Die diesjährige Influenza-Welle erreichte im Februar ihren vorläufigen Höhepunkt. Jedoch sollte man nicht den Fehler machen, sich schon auf der sicheren Seite zu fühlen und die Influenza-Gefahren zu verharmlosen. Eine echte Grippe oder Influenza ist keineswegs harmlos. „Die Betroffenen sind schwer krank und oft wochenlang auf der Intensivstation“, warnt Univ.-Prof. Dr. Rudolf Likar, Klinikum Klagenfurt. Besonders gefährdet sind Menschen mit Asthma oder COPD, weil bei ihnen die Lunge zusätzlich noch vorbelastet ist.
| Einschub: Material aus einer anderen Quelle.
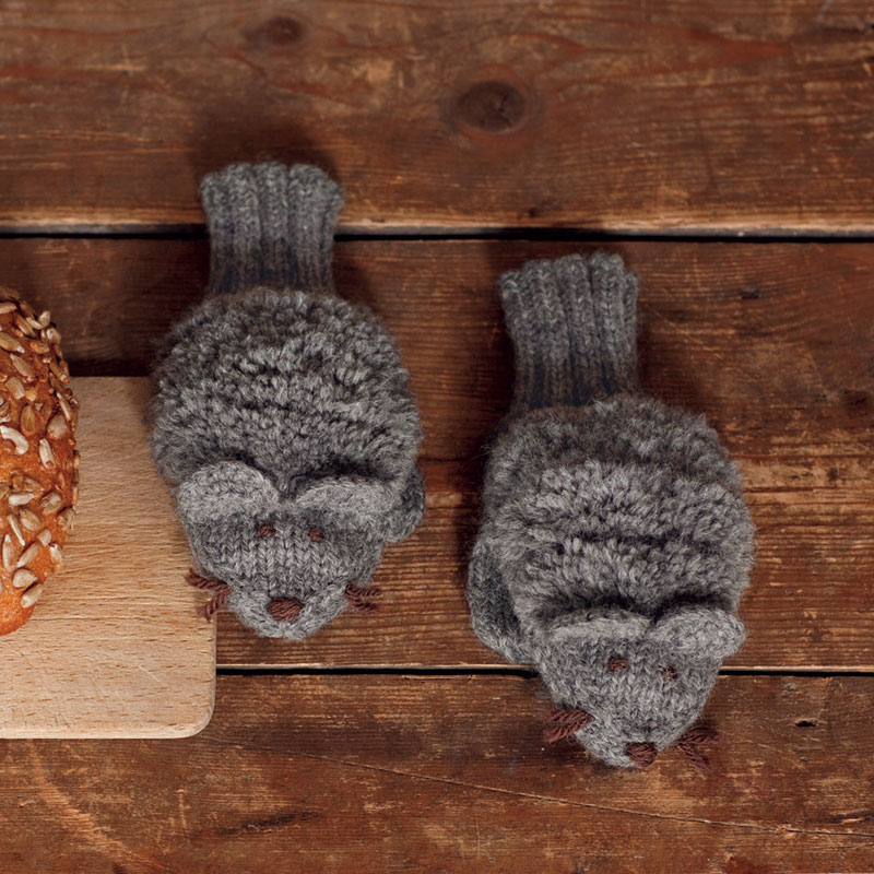 材料:ねずみ…ハマナカ ソノモノアルパカウール《並太》 ライトグレー(64)38gはりねずみ…ハマナカ ソノモノアルパカウール《並太》グレー(65)60g、ファーテープ用の別糸・とじ糸(グレー)少量、厚紙共通…顔の刺しゅう用並太毛糸(こげ茶)少量

Hohes Fieber über mehrere Tage, heftige Kopfschmerzen und häufig starker Husten sind die Merkmale. Im schlimmsten Fall kann sie sogar tödlich sein. In Österreich fordert die Grippe jedes Jahr rund 1.000 Todesfälle. Deshalb raten Fachleute zur Grippeimpfung – am besten vor der Influenza- Saison. „Leider lassen sich die Österreicher immer weniger gegen Influenza impfen. In der Saison 2017/2018 lag die theoretische Durchimpfungsrate bei 6,36 Prozent. 2006/2007 lag sie noch bei 15,36 Prozent“, stellte Univ.-Prof. Dr. Rudolf Likar fest. „Wir sehen aber auf den Intensivstationen täglich die dramatischen Folgen.“

Spitalsaufenthalte sind dann leider oftmals der letzte Ausweg. Davon betroffen sind vor allem alte Menschen sowie Menschen mit mehreren Grundkrankheiten. Auch bei einer vorgeschädigten Lunge, wie zum Beispiel durch COPD oder Asthma, ist das Risiko von ernsten oder sogar lebensbedrohlichen Komplikationen höher. Diese Patienten haben kaum eine Reserve und dann kann die Grippe zu schweren Komplikationen führen.

Eine niederländische Studie zeigt deutlich auf, was zur Aufnahme von Influenza-Patienten ins Spital und in die Intensivstationen führt: schwere respiratorische Infektionen, bakterielle Pneumonien und pulmonäre Sepsis. Erfolgt die Spitalsaufnahme rechtzeitig, wird sofort die Therapie eingeleitet: eine notwendige Beatmung und vor allem eine Behandlung mit einem Neuraminidasehemmer. Dieses Medikament wirkt gegen alle Typen des Influenza-Virus gleichermaßen gut. Durch die Einnahme wird ein Enzym des Virus, die sogenannte Neuraminidase, gehemmt. Dadurch kann die Vermehrung der Viren im Körper blockiert werden, wenn die Einnahme innerhalb der ersten beiden Tage der Grippe erfolgt. „Der bessere Weg wäre aber eine rechtzeitige Impfung vor der nächsten Grippesaison“, so der Experte.